Agreed. Let's worry over everything, but not each thing-- um, not figure we need every separate point perfect, or something like that.  And keep working on our strengths at least as much as our weaknesses.


----------



## Xaysai (Jan 26, 2013)

Steerpike said:


> Not me, because I throw the book away or delete it from my Kindle long before that



I have a very tough time abandoning a book, and usually choose not to do it until I get at least a few hundred pages into it, but then I feel like I'm invested enough into it to just finish.

I gave up on Girl With a Dragon Tattoo after about 80 pages and Russell Kirkpatrick's Across the World after about 20.
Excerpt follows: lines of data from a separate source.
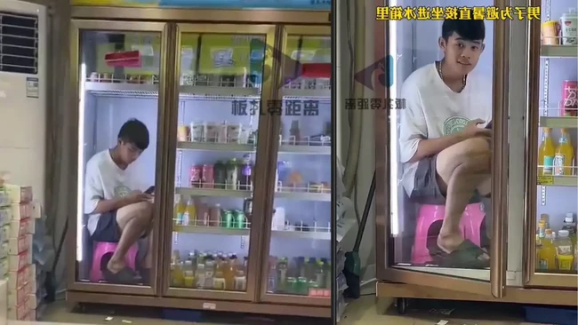 Suhu udaranya di China sangat panas. Remaja pria ini masuk ke dalam cooler atau kulkas besar berisi minuman untuk mendinginkan diri.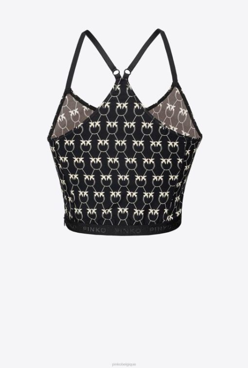 Pinko haut monogramme oiseaux d’amour B244D442 haut | noir/crème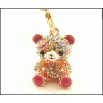 スワロスキーストラップ リラクマ コグマ 熊 ハッピーグッ スマートフォン、かばんなど 携帯アクセサリー(ゴールドマルチ)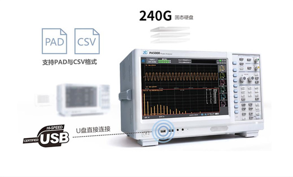 PA5000H功率分析儀擁有高達240G的固態硬盤可以海量存儲數據,用戶更可以直接連接U盤將想要的數據全部儲存,PAD與CSV格式多樣支持、存儲時間隨意控制,讓存儲再也不是難題。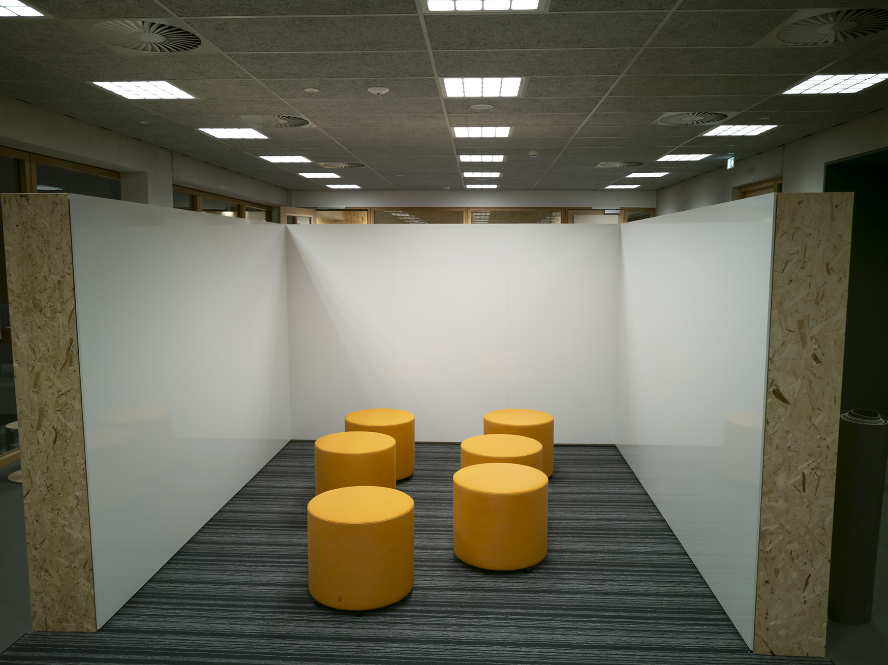 Various setups, from classroom to consultation space for project teams. This college originally had foil boards that were increasingly difficult to keep clean. After an initial trial installation with Chameleon whiteboards, this college now opts for a lifetime cleaning guarantee. Several branches are now fully equipped with more than 1000 m2 Chameleon whiteboard surface.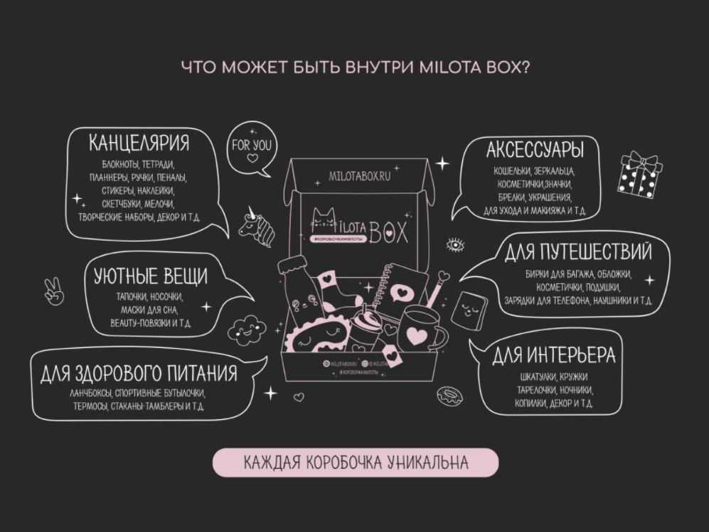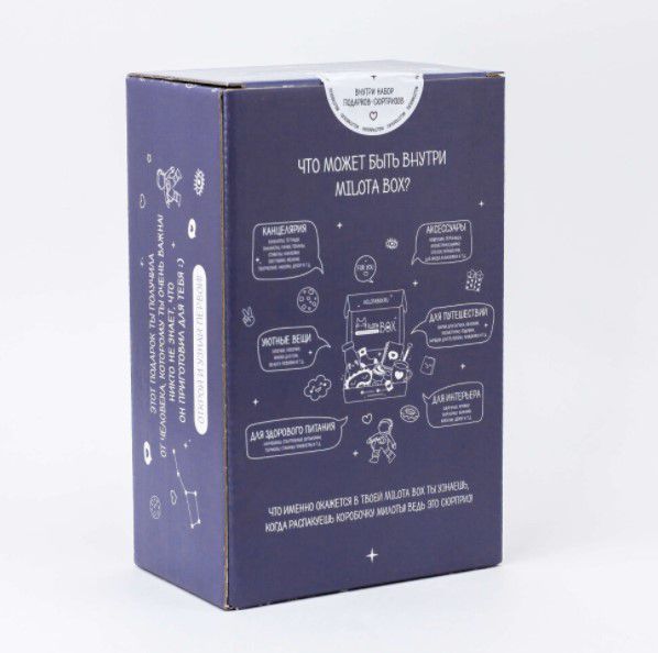 Каждая коробочка милоты наполнена необычными вещицами, которыми будет приятно пользоваться в повседневной жизни: милая канцелярия, уютные товары для дома, стильные аксессуары, предметы для здорового образа жизни и приятные мелочи. Внутри Milota BOX находится от 5 до 8 сюрпризов, упакованных в стилизованную подарочную бумагу! Коробочка из плотного, дизайнерского картона.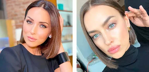 Что будет, если оставить тщательный макияж, но решиться на графичное каре? Неминуемое сходство с топ-моделью Ириной Шейк. Знаменитостей объединяет не только стрижка, но и цвет и миндалевидный разрез глаз. Правда, акценты в макияже звезд совершенно разные: Ирина подчеркивает лишь губы, используя нежный ягодный блеск и чуть заходя за контур, а вот Алсу добавляет акцент в виде подводки, которая делает взгляд «кошачьим».

Those are the only 2 books I think I've ever just outright stopped reading.


----------



## BWFoster78 (Jan 27, 2013)

The OP's question brings up a lot of topics.  I'd answer, "Depends on your intended audience."

When I was young, I read a lot of truly horrid stuff and thought it was good.  I didn't know any better.  The older I get, the more discerning I become.

Some readers are where I was a long time ago.  If you can interest them in a character OR a plot OR with solid writing, you're good.  Others require you to have all three in line.

If you're asking, "Can I be successful by writing crap?"  Of course you can!

I'm not even sure that writing well brings you more likelihood of success than writing crap.  I tend to think that it does, but I have no data to back up my opinion.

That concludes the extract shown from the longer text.